In 2015, retired Court of Appeal judge Vohrah spoke of misconduct on the part of Eusoff Chin round about the time that Idid had written his letter. You can read about it HERE.

The vilified messenger of 1996 had finally been vindicated.

I pause here to ask this.

In 1996, when Idid sought to blow the whistle on the judicial misconduct, was he the only one who saw the need to do so?

Or was he the only one who had the courage to not ‘look away’ and mind his own business?

From 1996 until Vohrah’s revelation, has the judiciary lived up to its noble purpose as enshrined in our constitution?

The man who replaced Eusoff Chin at the top of the judiciary, Fairuz, became infamous for his involvement with lawyer VK Lingam, the Mr Fix-it of matters in court.

Who, subsequent to Fairuz, has acted decisively to ‘clean up’ the judiciary and restore public confidence in the same?

Ariffin Zakaria?

Ask any lawyer worth his salt how he or she views the decision of  the Federal Court that sent Anwar to Sungai Buloh in 2015, and you will have your answer.

After the Election Commission announced in late 2014 that it was going to commence its redelineation exercise, I commenced my action in the High Court to get an order to direct the EC to make available to me information relating to the proposed redelineation.

The High Court dismissed my application, in essence holding me to be a busybody.
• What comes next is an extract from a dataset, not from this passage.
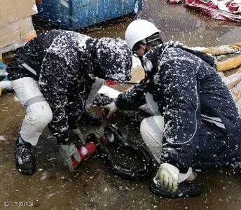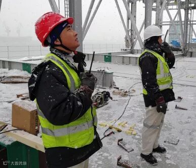 由于风雪越来越大,能见度越来越低,大家望“雪”兴叹,作业数次被迫中止,待风雪变小、满足安全作业要求,又争分夺秒、见缝插针再继续进行。
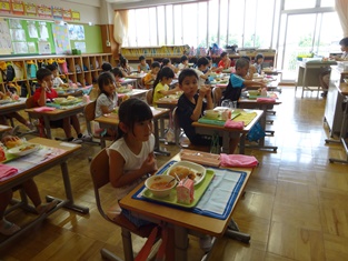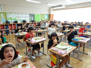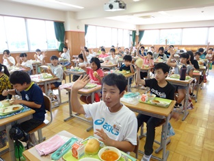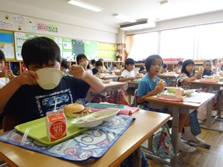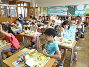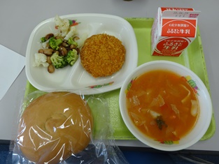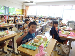今日の給食は,ハムチーズバーガー,牛乳,ブロッコリと豆のサラダ,イタリアンドレッシングです。美味しいですかと聞いてみたら,みんなが手を上げてくれました。

The Court of Appeal dismissed my appeal, essentially coming to the conclusion that since we do not have a Freedom of Information Act, I did not have a right to that information I sought!!!

The Federal Court refused me leave to appeal against the decision of the Court of Appeal.

Should these decisions inspire confidence that the judiciary is here to defend my right of “approximate equality” in the value of my vote with that of another voter?

Go to the matter of the redelineation carried out by the Election Commission that was rushed through parliament before the 14th GE.

The Selangor state government sought to challenge the exercise.

The Court of Appeal dismissed the challenge, on the grounds that the EC’s redelineation exercise could not be challenged by way of judicial review. The matter then was taken up to the Federal Court. The Federal Court upheld the decision of the Court of Appeal, that the redelineation exercise in parliamentary and state constituencies was not amenable to judicial review.

Here was a case that put before the Federal Court a case of wholesale gerrymandering, in violation of the spirit and intent of the constitution that the EC should strive to achieve approximate equality between constituencies.

The Federal Court ruled that this was not amenable to judicial review.

Preserve, protect and defend the Constitution?

In my view, the judges who held office in 1996, who chose to look away, to not get involved, even as Idid was punished for blowing the whistle on judicial misconduct, had, by their silence, condoned the misconduct.

They were, by their silence and continued association, as guilty of as those who were abusing judicial office.

Why should I see those who hold judicial office now, and who chose to be silent as our right to free and fair elections was violated by EC and facilitated by their peers, any differently?

If they do not have the courage to speak up as did Idid, then they should all do the honourable thing that Ajaib should have done.

All is not well in the Palace of Justice.

If we are serious about cleaning up the judiciary, we will have to look beyond the current crop of judges to lead the way.

Instead, look to the Malaysian Bar.

There are many who are competent and with the requisite integrity to do what needs to be done.